As I do this, I am thinking about being her professor, which of course is make-believe. The truth is, I would like to be among her professors because I want to be a Great World Teacher. That is my goal.

If I can answer her well, she will make a decision, which will serve her best. If I do not answer her well, she may make a bad decision. In the past I was paid to teach and, sometimes, advise students; a number of them chose to pursue fine art careers and out of this number a considerable segment succeeded.

Times have changed, though, and I am no longer on a campus like the one where this student is enrolled. Nor do I teach on a regular basis because I have promoted myself into the role of a world teacher, traveling on the Internet to places all around the world.

I am what is known as an ITinerate Professor—one who travels the world using Information Technology. Now, as one can see, ten questions are asked by a student in South Africa and this professor is striving to answer them.

  1. [What are the] Main areas of professional activity (detailed description of what an Fine Artist, Printmaker, does to earn a living)

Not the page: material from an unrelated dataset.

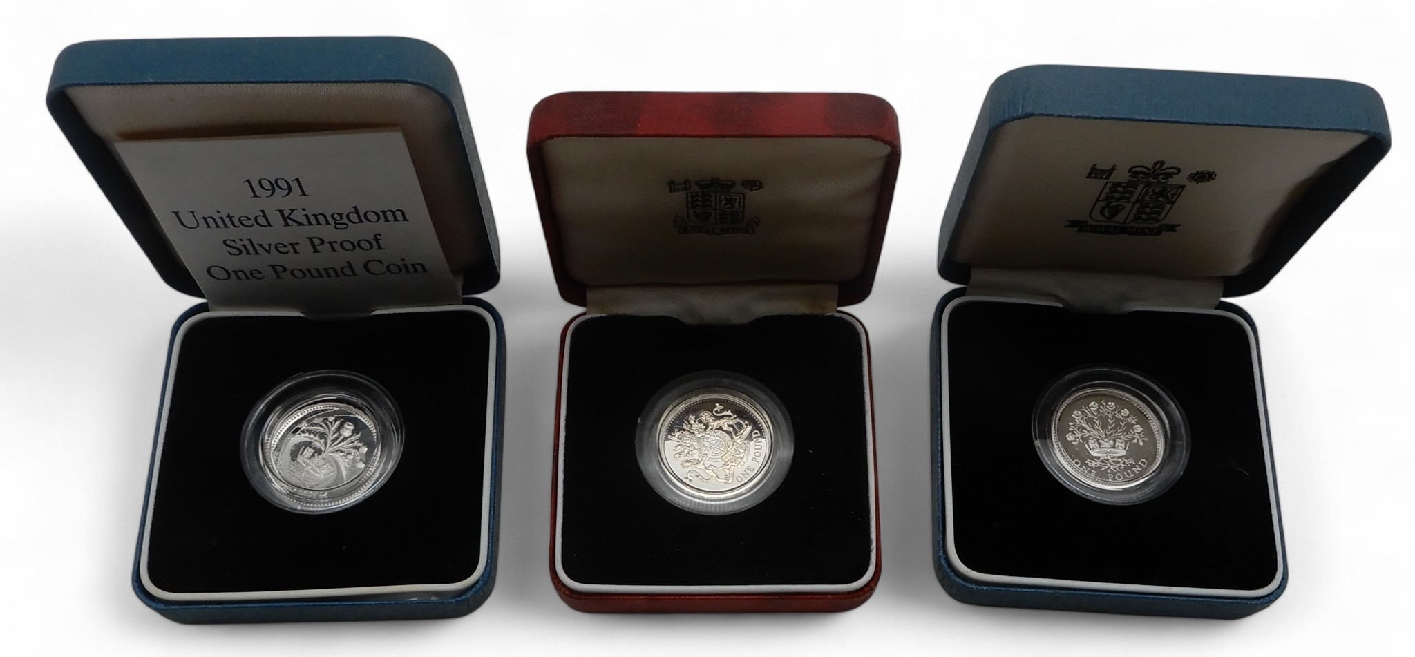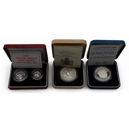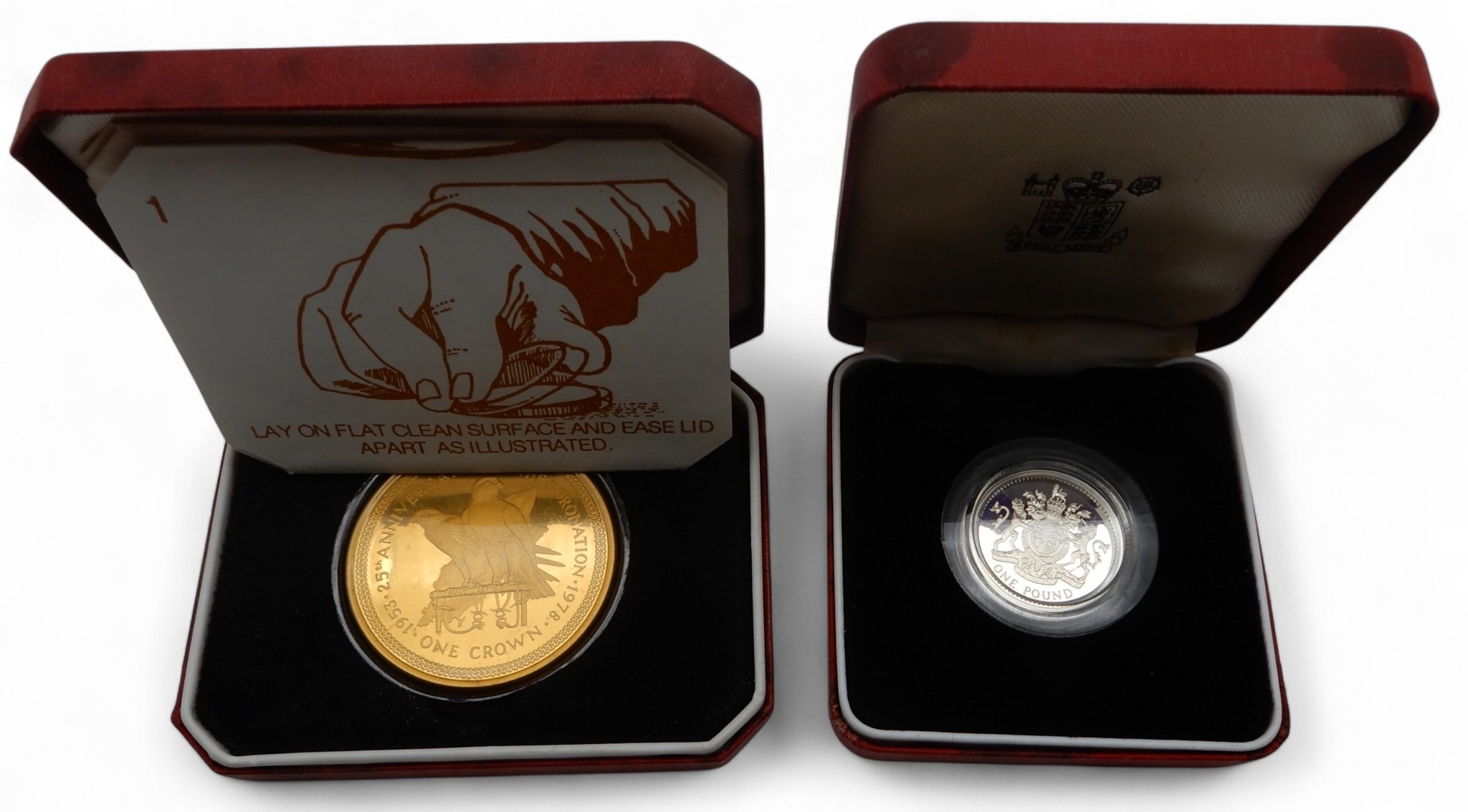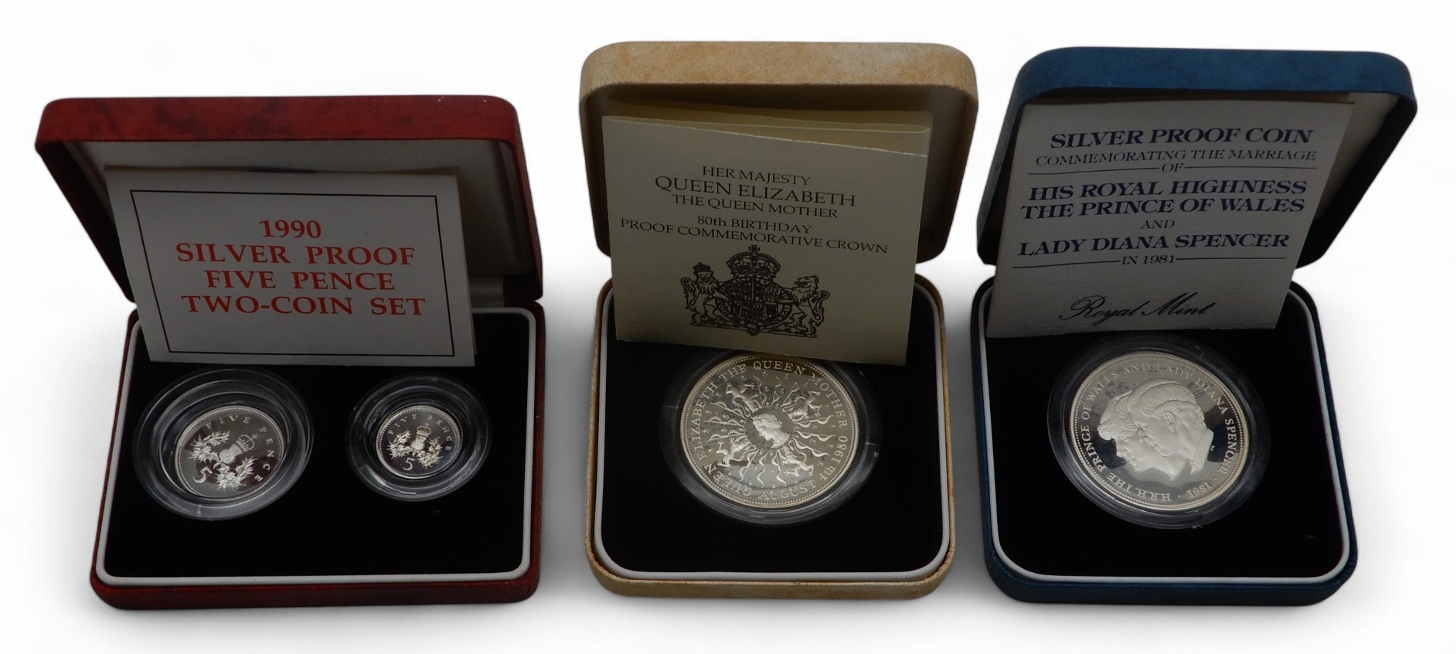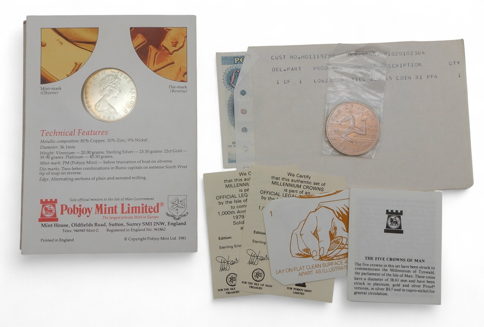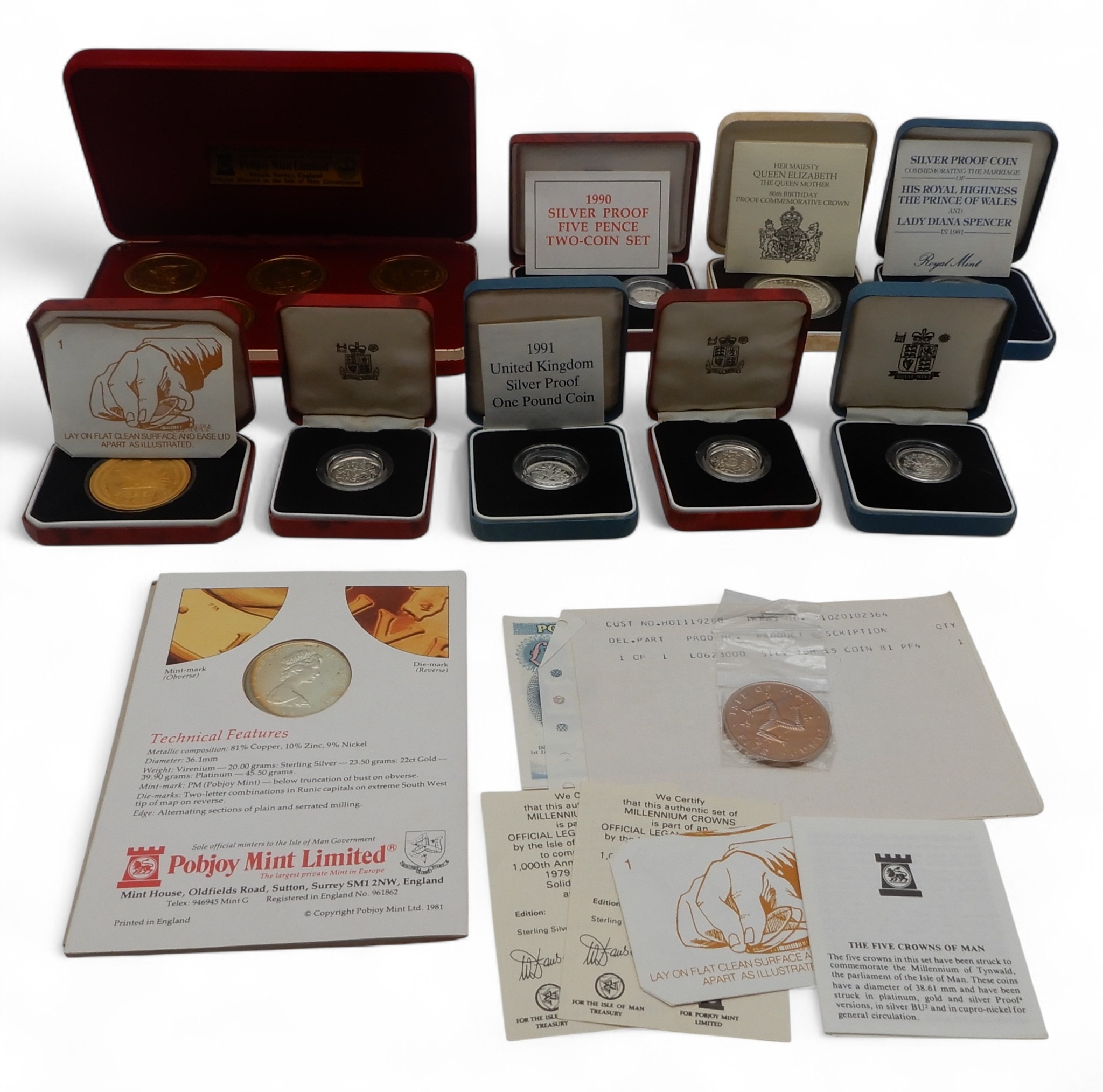 A lot comprising silver commemorative coins to include The Five Crowns Of Man 1979 set, 25th Anniversary of ERII Coronation Crown 1953-1978, Prince Of Wales and Lady Diana Spencer Marriage 1981 etc together with various silver proof £1 coins

The definition of “fine art” is understood to be works of art made without commercial intent. However, in many countries where people rely on monetary exchange for everything, artworks and the making of artworks has become tied to commerce.

The term “fine art” has been embraced by marketing and sales interests, tariff laws, copyrights, and advertising. The term fine art implies, however, something intangible, above commodity exchange.

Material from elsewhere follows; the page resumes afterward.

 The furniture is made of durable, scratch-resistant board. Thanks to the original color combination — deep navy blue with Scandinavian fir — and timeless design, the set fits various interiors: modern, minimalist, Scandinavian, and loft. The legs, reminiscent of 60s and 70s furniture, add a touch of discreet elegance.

Fine art has become an icon, standing for freedom, creativity, beauty and associated values. I like to use the expression “free fine art” after I discovered the phrase in use by US Customs agents to determine the difference between craft objects (for which duty must be paid) and fine art, duty-free objects.

There are some fine arts use use materials and processes other than paint, pencil, or sculpted matter; it is necessary then to apply the question: Was this object made for money or free expression? The person's intent becomes important.

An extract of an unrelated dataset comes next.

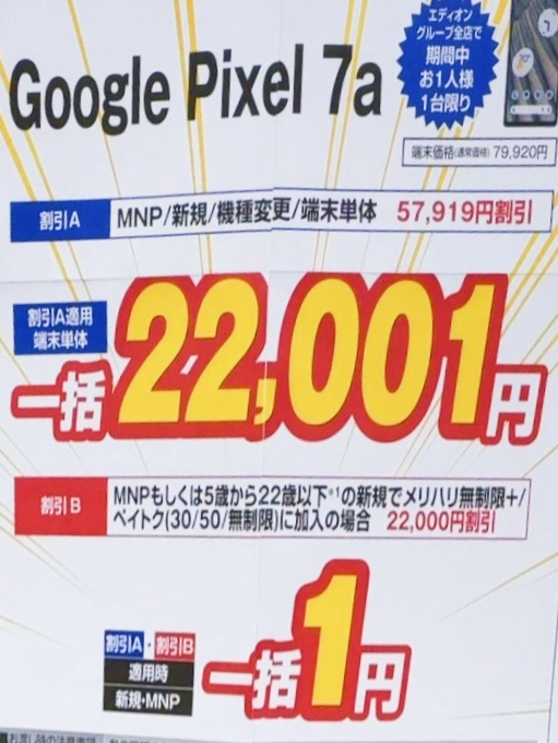 ソフトバンクの一部ショップ、12月26日まで「Pixel 7a」を一括1円or1480円で販売中 27日から「スマホ割引規制改正」
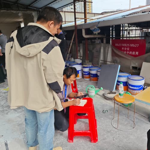 理论课上,广州澳恒杨总杨老师以无机磨石的基础概念与分类为切入点,循序渐进拆解施工前期摊铺工艺的核心知识体系。他明确无机磨石施工的三大核心板块 —— 基础抗裂层、无机磨石层、表面处理层,逐一深度解析技术要点。除核心施工工艺外,杨老师还分享客户需求挖掘技巧与商务谈判核心要点,指导学员结合客户预算、设计标准、使用场景及项目流程制定定制化解决方案,并通过实际案例拆解成本核算的全流程操作。 此外,杨老师还详细拆解了无机磨石在停车场场景下的应用,明确了对车道、车位、电梯入户口三大区域,应采用不同材料应对不同需求的适配逻辑。学员全程专注投入,课上课下围绕技术难点与实际应用跟杨老师互动。针对各类疑问,杨老师均给予细致耐心的解答,助力学员吃透核心知识点。

Printmaking fine art has a strange and fascinating history. Printing came into being alongside painting, as we see in prehistoric art evident on the walls of caves. The handprint it might be said is the first sign of printing. When you think about the processes of both printing and painting you see that one is all-at-once from a printing surface (a hand or a plate) and the other is developed stroke by stroke, line by line or area by area.

The former uses a “tool” (the hand) as a printing surface or template, like a stencil. The other uses a tool, also, such as a stick or brush, but in ways to form and shape the image. The methods and tools for printmaking and painting are so different that I place them in separate classes.

Printmaking (and fine art printmaking) has a different history than painting and drawing. In my school experience I found that most printmaking teachers teaching in schools or through books have not been taught the difference as I see it. Most printmaking, sometimes referred to in the all-encompassing term graphics, is assumed to have grown out of the same source as painting, drawing and sculpting.

There are relationships, of course, and these have served institutions well. Society would not be what it is today were it not for including printmaking along with the other visual arts.

However, what is society today? I believe education is important to improve societal and international relations. I decided printmaking plays an important part in education because, first of all, it is a social and popular form of communication both in the making and the appreciation of art generally.

Secondly, the making of prints by hand—and sometimes in mechanical printing—requires teamwork and collaboration among individuals of diverse skills. Third, the price that people pay for prints, when they are first released, is usually much lower than for its sister arts, painting and drawing.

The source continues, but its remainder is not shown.